- _TASK_: All that is needed is the first stretch of the listing below, repeated exactly and ending with the line that contains "(الإرواء 2/ 9)". Pictures are to be left out.

- _SUPPLIED INFORMATION_:
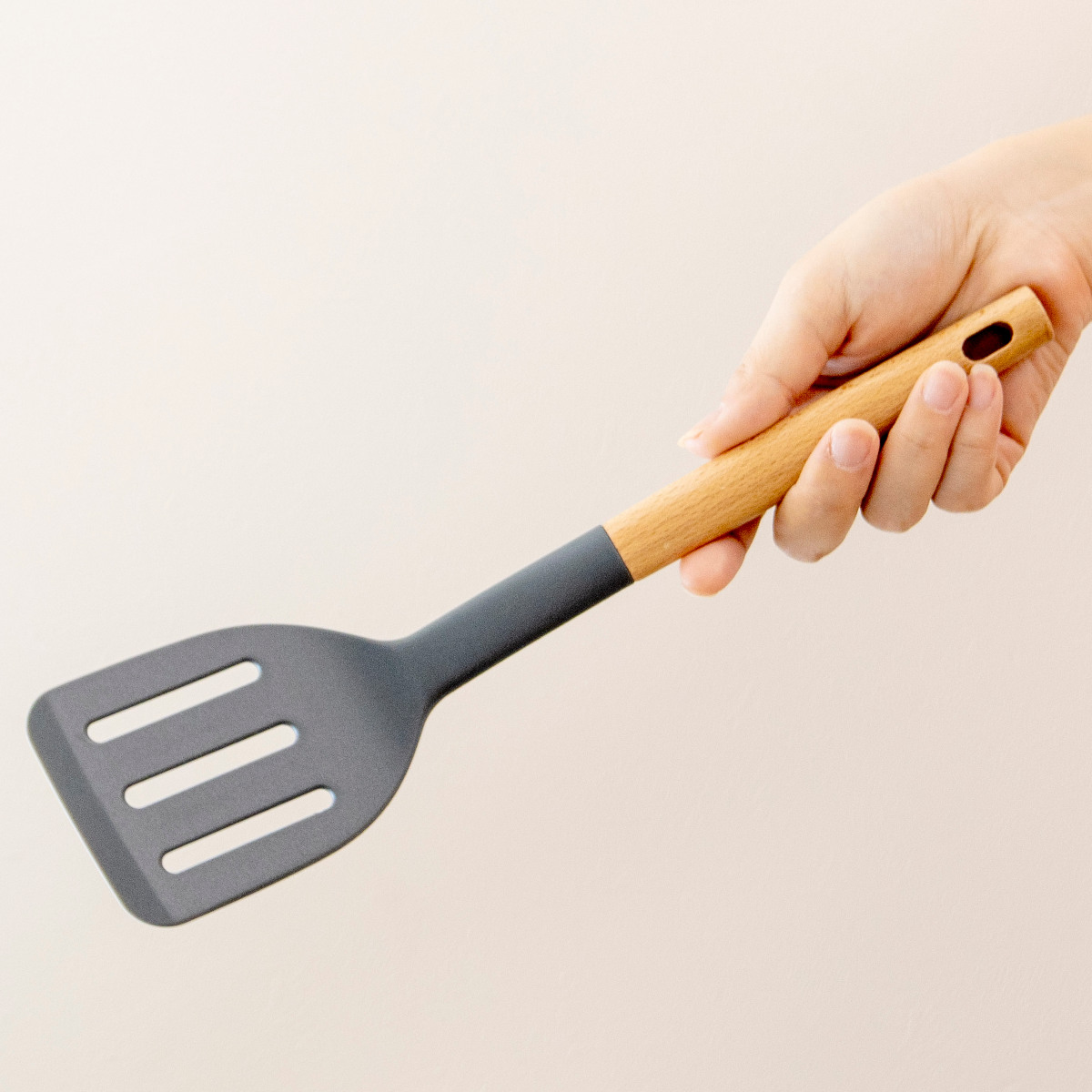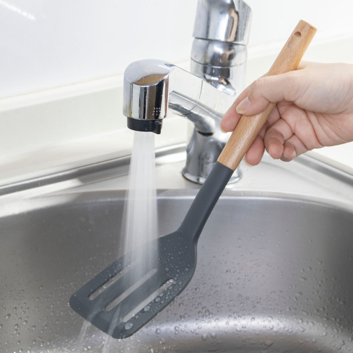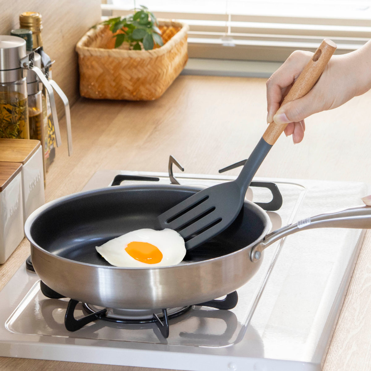 ツールスタンドに立てておくと、片手でサッと取れて調理がスムーズです。ナチュラルテイストなので、キッチンでも悪目立ちせずによく馴染みます。
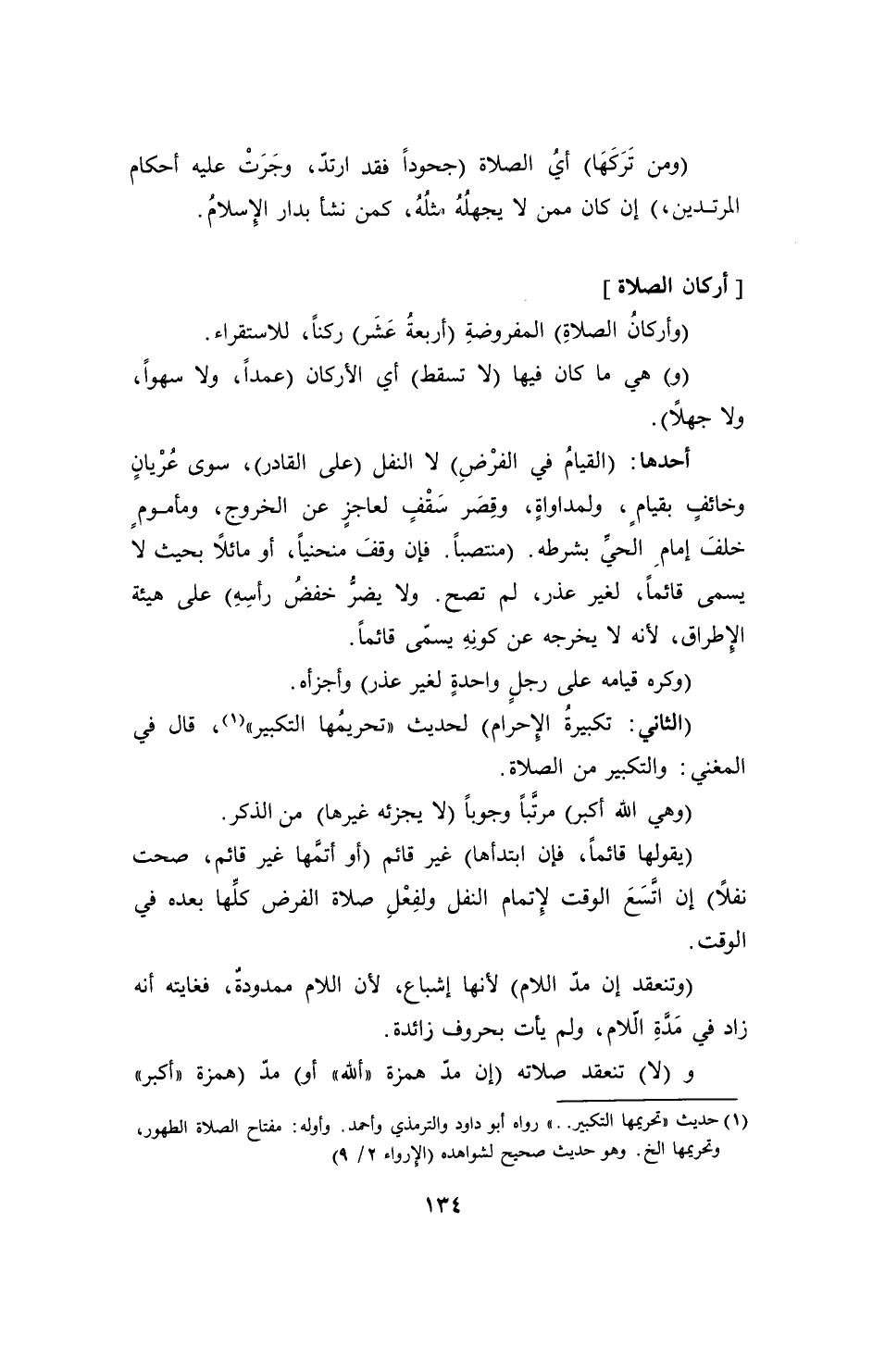 (¬1) حديث "تحريمها التكبير .. " رواه أبو داود والترمذي وأحمد. وأوله: مفتاح الصلاة الطهور، وتحريمها الخ. وهو حديث صحيح لشواهده (الإرواء 2/ 9)
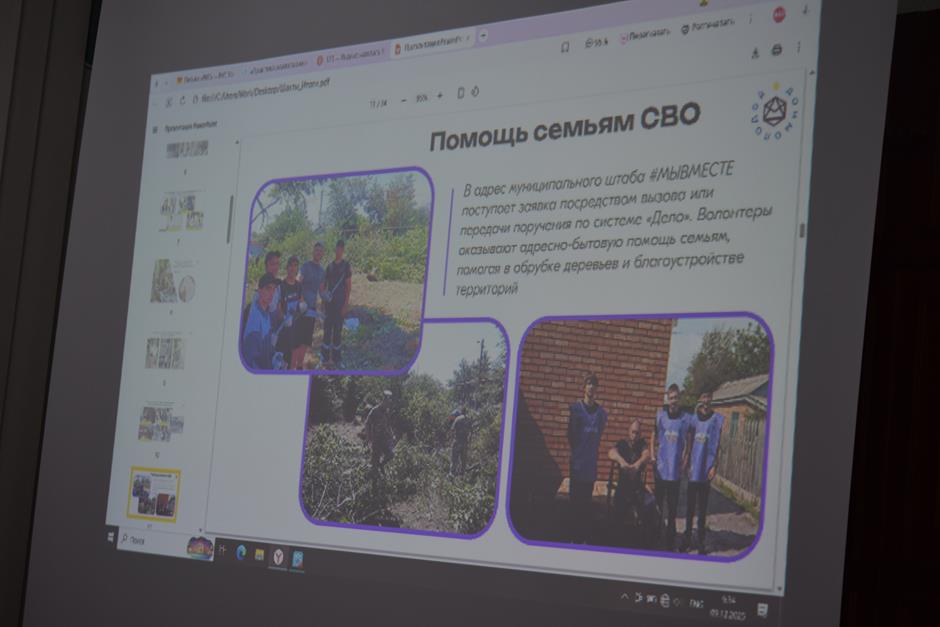 16620 человек были задействованы за отчетный период в 94 программных и проектных мероприятиях. Популяризацией и вовлечением в добровольческую и общественную деятельность (84 мероприятия) охвачено свыше 14200 человек. Патриотическому воспитанию было посвящено 117 мероприятий (37429 человек), профессиональному развитию — 114 мероприятий (16879 человек). На каждом из направлений докладчик остановился подробнее.

- _RESPONSE AREA_:
 ツールスタンドに立てておくと、片手でサッと取れて調理がスムーズです。ナチュラルテイストなので、キッチンでも悪目立ちせずによく馴染みます。
 (¬1) حديث "تحريمها التكبير .. " رواه أبو داود والترمذي وأحمد. وأوله: مفتاح الصلاة الطهور، وتحريمها الخ. وهو حديث صحيح لشواهده (الإرواء 2/ 9)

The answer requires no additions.